I did a test on small subset (approx 10 subjects) and coefficients of variation of sum of weights in both standard whole-brain post-SIFT2 and combined whole-braint + targetted post-SIFT2 approaches are similarly bad = about 100%.
I am quite confused here. Not sure I understand the terminologic difference (pathway vs connection) but mainly the offer of FBA for this study case what is confusing me.
My understanding was that if there is a hypothesis on a connectivity of specific pathway which can be defined by starting and ending gray matter mask(s) (which I think is my case), then individual tracking, SIFT2 and sum of the weights of the streamlines connecting nodes of interest is always the method of choice.

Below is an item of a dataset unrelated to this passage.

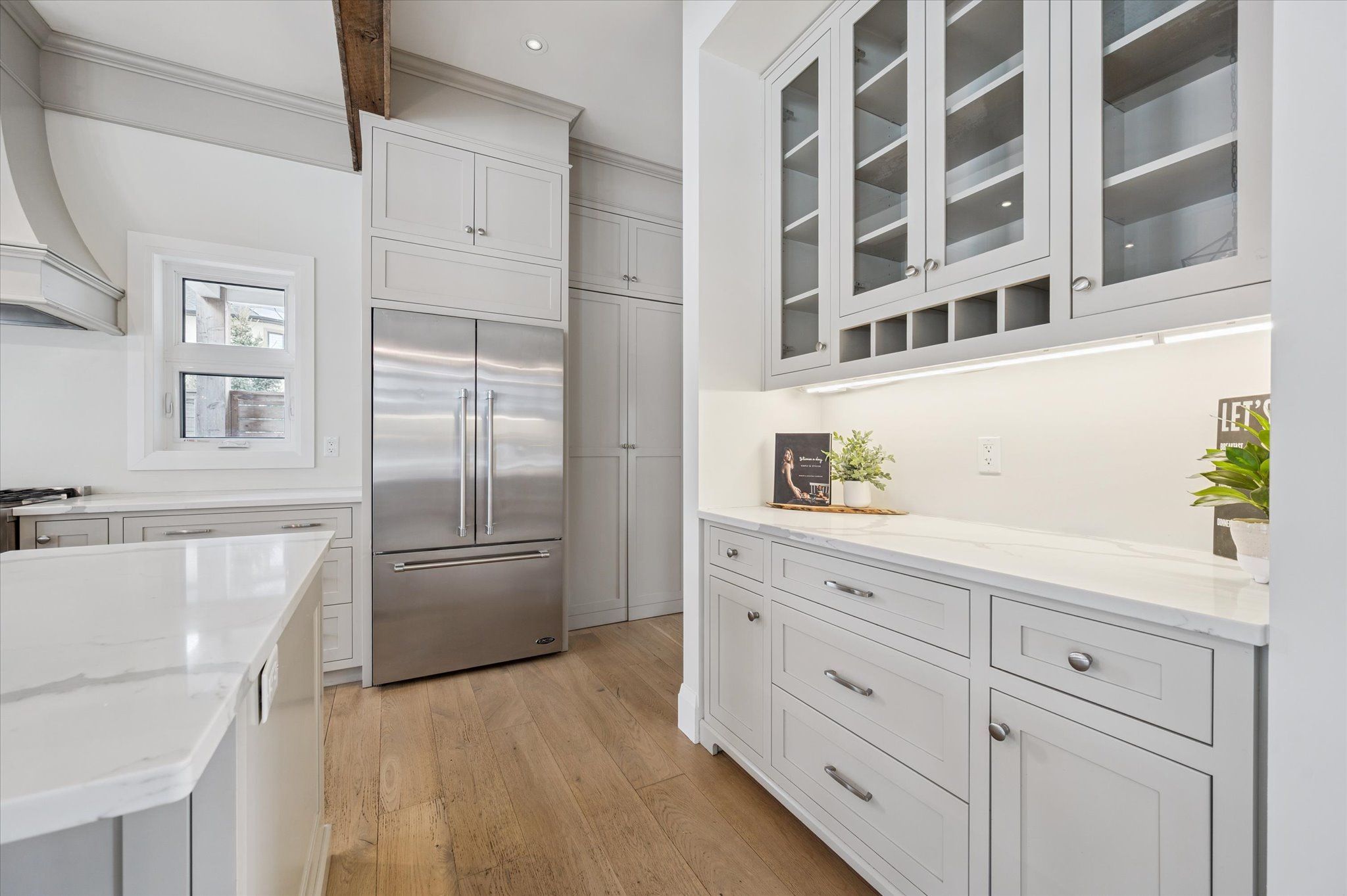 • Gourmet kitchen features chef-grade appliances and a hidden walk-in pantry.
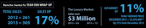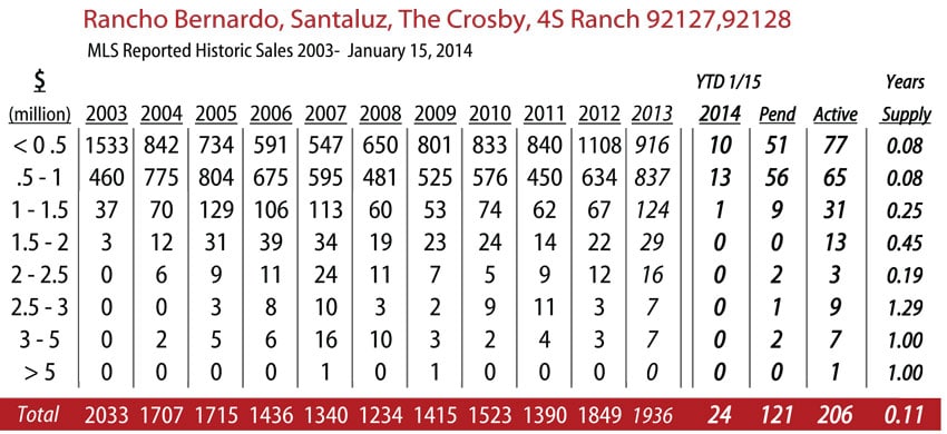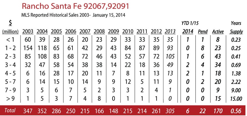 Click here for Rancho Santa Fe historical sales compared by price range 2003- 2013 < $1 million,  $1 – $3 million, $3 – $5 million, > $5 million

In contrast, FBA is method of choice when there is not pathway-specific hypothesis and one wants to test whole-brain fixel-wise. Maybe also in the (rare) cases when in some pathologies only part of the pathway along its length is affected, or some macroscopic fibre bundle containing many different pathways is of interest, one can think of restriction of FBA to specific set of streamlines, as discussed in this post. However, also in this post, a question was raised whether single scalar measure is not a better option.
So do you see any benefit in doing FBA in case where hypothesis is concerning a connectivity of specific pathway which can be defined by gray-matter nodes the pathway involves? Do you think that one could gain a better sensitivity using FBA (with restriction of the fixel mask to the pathway of interest) when assessing a less identifiable pathway by avoiding the individual subject-wise noisy tracking? In FBA, the tracking would be performed only once and on less noisy FOD template. This approach would probably lower specificity to attribute the potentially observed effect to the particular pathway, but could it enhance statistical sensitivity to observe any effect in comparison to subject-wise tracking, SIFT2 and extracting edge-wise sum of streamline weights?